Archive for March, 2005

Someone Should Write This

Wednesday, March 23rd, 2005

I want an online TV guide with tagging.

Sites like Yahoo TV Guide (I refuse to add the exclamation mark) are okay, but don’t tell you much about a programme, except the few sentences the production company supplies.

What if anyone could add tags to a programme? So after I watched a programme containing, say, footage of September 11th I could tag it “wtc”. Or a programme that mentioned the Rugby World Cup could be tagged “wilkinson”.

Then anyone could search for the tags and see a list of all the programmes in the last week that mentioned the WTC attacks, or Jonny Wilkinson. Or both.

This would really come into its own when the BBC Creative Archive comes online. You could subscribe to an Atom feed for your chosen tags, and automatically download programmes that match them.

How cool would that be?

Question

Friday, March 18th, 2005

Is there a word to describe words and phrases that are taken directly from a foreign language? Examples would include cliché, deja vu, fait accompli, cul-de-sac, faux pas, etc etc.

HELP

Wednesday, March 16th, 2005

This will destroy your productivity and waste your day. You have been warned.

Pointer Hurdles

Wednesday, March 16th, 2005

At Joel On Software there’s a great article about how to interview for programming jobs, which includes getting the candidate to write some code, on paper, in the interview.

For programming questions, I ask candidates to write a small function in C. Here are some typical problems I would ask:

  1. Reverse a string in place
  2. Reverse a linked list
  3. Count all the bits that are on in a byte
  4. Binary search
  5. Find the longest run in a string
  6. atoi
  7. itoa (great, because they have to use a stack or strrev)
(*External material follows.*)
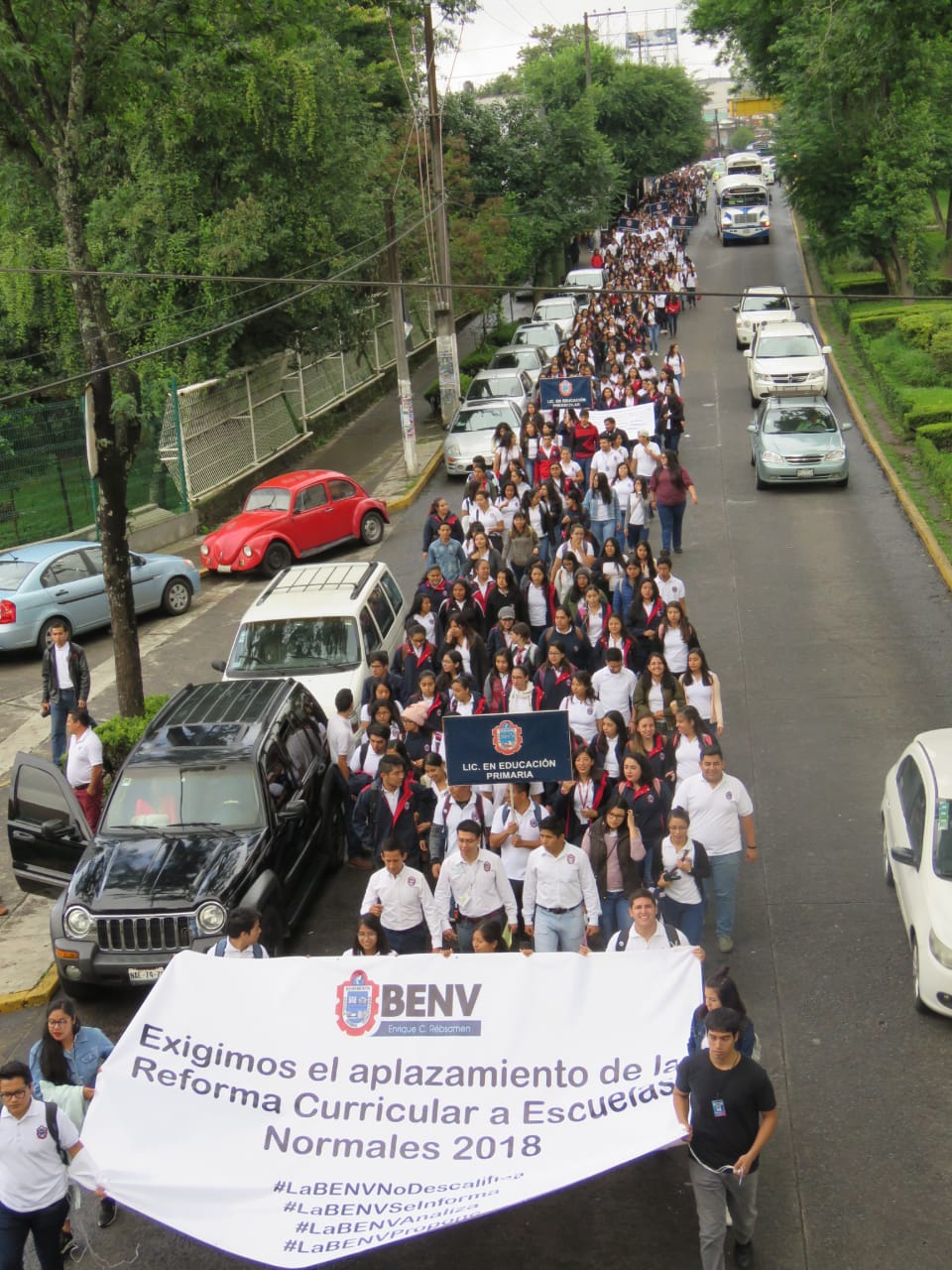 Para demandar el aplazamiento de la Implementación del documento Escuelas Normales: estrategias de fortalecimiento y transformación hasta el ciclo escolar 2019-2020, estudiantes y maestros de la Benemérita Escuela Normal Veracruzana realizaron una marcha, que concluyó con un plantón en la Plaza Sebastián Lerdo de Tejada de esta capital.

And here are some of the things he suggests looking out for:

  • Is their function fast? Look at how many times they call strlen. I’ve seen O(n^2) algorithms for strrev when it should be O(n), because they are calling strlen again and again in a loop.
  • Do they use pointer arithmetic? This is a good sign. Many “C programmers” just don’t know how to make pointer arithmetic work. Now, ordinarily, I wouldn’t reject a candidate just because he lacked a particular skill. However, I’ve discovered that understanding pointers in C is not a skill, it’s an aptitude. In Freshman year CompSci, there are always about 200 kids at the beginning of the semester, all of whom wrote complex adventure games in BASIC for their Atari 800s when they were 4 years old. They are having a good ol’; time learning Pascal in college, until one day their professor introduces pointers, and suddenly, they don’t get it. They just don’t understand anything any more. 90% of the class goes off and becomes PoliSci majors, then they tell their friends that there weren’t enough good looking members of the appropriate sex in their CompSci classes, that’s why they switched. For some reason most people seem to be born without the part of the brain that understands pointers. This is an aptitude thing, not a skill thing – it requires a complex form of doubly-indirected thinking that some people just can’t do.

I totally agree with this: pointers and pointer arithmetic represent a specific level of skill that allow you to say confidently either “this person has no hope as a programmer” or “this person gets it“.

However, I think you can extend this idea further. I’ve found that there’s a second hurdle, beyond which lie the really good programmers. That hurdle is function pointers.

There’s something about function pointers that many otherwise-good programmers just don’t get. Ask them to define and initialise an array of function pointers to factory methods, and index into the array to instantiate an instance of the appropriate type, and they’ll be totally lost. They just won’t get it. They’ll write reams of bug-free procedural code when a simple function pointer would have saved them hours, and made their code vastly more maintainable and extensible.

SCO vs IBM Summary

Wednesday, March 16th, 2005

Right on cue, just as I was starting to lose track of where we’re up to, Groklaw produces a lovely Summary of SCO vs IBM.

(It’s still causing much amusement in the office).

Object Oriented C

Tuesday, March 15th, 2005

An excellent article about how to use encapsulation and polymorphism in C programs.

Note that these techniques are basically what the first C++ compilers used (they were purely preprocessors which generated C code). Similar techniques are also used in parts of Linux (such as the filesystems subsystem).

Photos From Ground Zero

Monday, March 14th, 2005

Wow, these photographs are quite amazing. Retrieved from the CompactFlash card inside Bill Biggart’s crushed camera underneath the second WTC tower, Bill died taking them.

Why I Work Where I Do

Friday, March 11th, 2005

Overheard at work today:

“But Linux is sexy!!”

Ugandan Discussions

Friday, March 11th, 2005

Here is a great site which has an archive of every Private Eye cover, from 1961 to the present day.

Giant Steps

Friday, March 4th, 2005

This [uses Flash and sound] is so, so, cool it almost hurts.

Worth the wait to download it, I promise.